Не приоткрыв склепа

№ 2012 / 7, 23.02.2015

По свидетельству Даниила Гранина, «вокруг Десницкого бродило множество легенд – о том, что его дочь, младшая, вышла замуж за принца из Таиланда и пребывает там королевой

По свидетельству Даниила Гранина, «вокруг Десницкого бродило множество легенд – о том, что его дочь, младшая, вышла замуж за принца из Таиланда и пребывает там королевой, сам Десницкий после революции, увидев, что творится в стране, вышел из коммунистической партии, как это ему удалось, неизвестно. В 1920 году Ленин просил его вернуться в партию, но Десницкий уклонился. Когда в Ленинграде отметили его семидесятилетие, Сталин был недоволен: зачем такого человека праздновать, если он вышел из партии, однако предупредил, чтоб не трогали его» (Д.Гранин. Причуды моей памяти. М., 2009).







Василий ДЕСНИЦКИЙ
Василий ДЕСНИЦКИЙ

Василий Алексеевич Десницкий родился 30 января (по новому стилю 11 февраля) 1878 года в Нижегородской губернии, в селе Покрове Сергачского уезда. Уже 4 октября 1940 года он, готовя автобиографию для Союза писателей, рассказывал: «Отец умер в 1884 г. Детские годы жил при матери, получавшей пенсию до десяти рублей в год. Образование получил в земской школе с. Покрова, духовном училище в заштатном городе Починках и в Нижегородской духовной семинарии, которую окончил в 1899 г. по первому разряду, но с четвёркой по поведению (за революционный образ мыслей). В 1899 г. поступил в Дерптский (Юрьевский) университет на историческое отделение. Каждый год – на первом, втором и третьем курсах – исключался за участие в студенческих беспорядках. В 1902 г. образование прервано – арестован. Затем были другие аресты. Возобновил обучение там же, в Дерпте, только в 1907 г. Полученное мною образование в настоящее время: окончил историко-филологический факультет по двум отделениям – историческому и словесному со званием учителя средней школы и юридический факультет (без сдачи государственных экзаменов)».
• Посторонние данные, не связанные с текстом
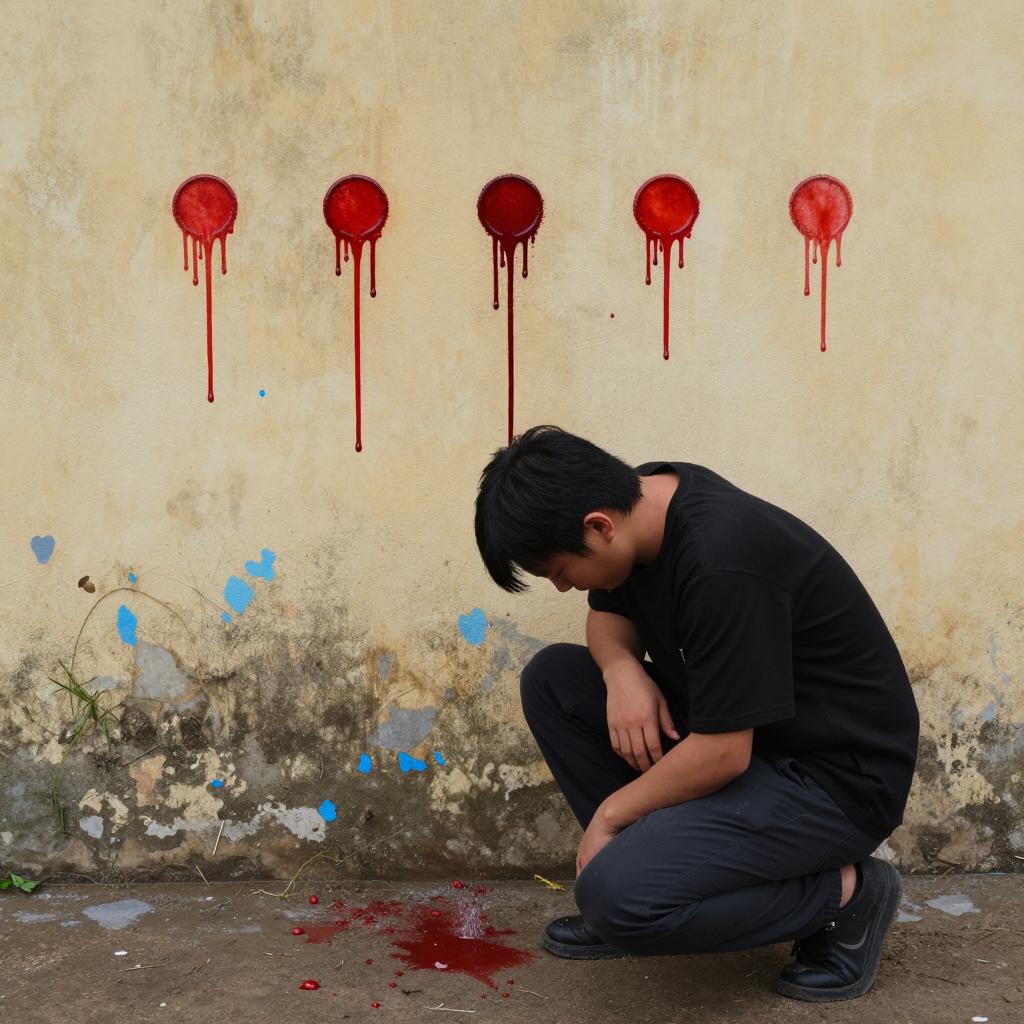 Man in black clothing, crouching, right side of image, head down, hands on knees. Wall in background with five red blood stains dripping. Dirt ground in front. Man's dark pants are wet near the knee. Weathered, yellowed wall with blue stains.
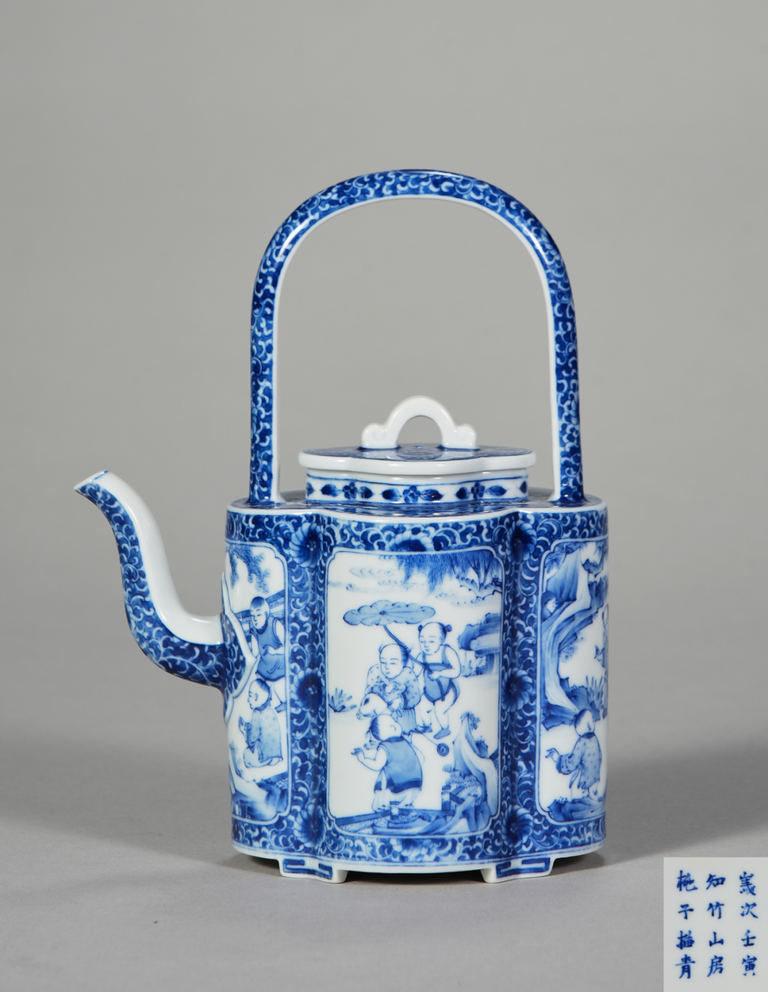 知竹山房青花璎珞开窗婴戏提梁壶

Здесь стоит добавить, что одно время Десницкий был весьма деятельным большевиком. Он писал в автобиографии: «С 1896–1897 г. по 1917 г. – член партии РСДРП(б). Работал в Нижнем, Сормове, Москве, Петербурге и т.д. и в партийных организационных разъездах (Урал, Поволжье, Юг России, заграница)… Кандидат в члены ЦК (большевиков) после III съезда, член ЦК (от большевиков) после IV съезда партии. Делегат на партийные съезды: I-й (поздно получил явку – не был), II – арестован на границе, III – в Лондоне (председатель мандатной комиссии, докладчик по организ. вопросу и т.д.), IV – в Стокгольме (секретарь съезда – от большевиков), V – в Лондоне <…> В годы 1902–1907-й неоднократно подвергался арестам и сидел в тюрьмах – в Дерпте, Вольмаре, Вендене, Нижнем Новгороде, Каменец-Подольске, в общей сложности свыше двух лет. В ссылке и каторге не был, но имел приговоры: Архангельск на 3 года, Нижне-Колымск на 8 лет».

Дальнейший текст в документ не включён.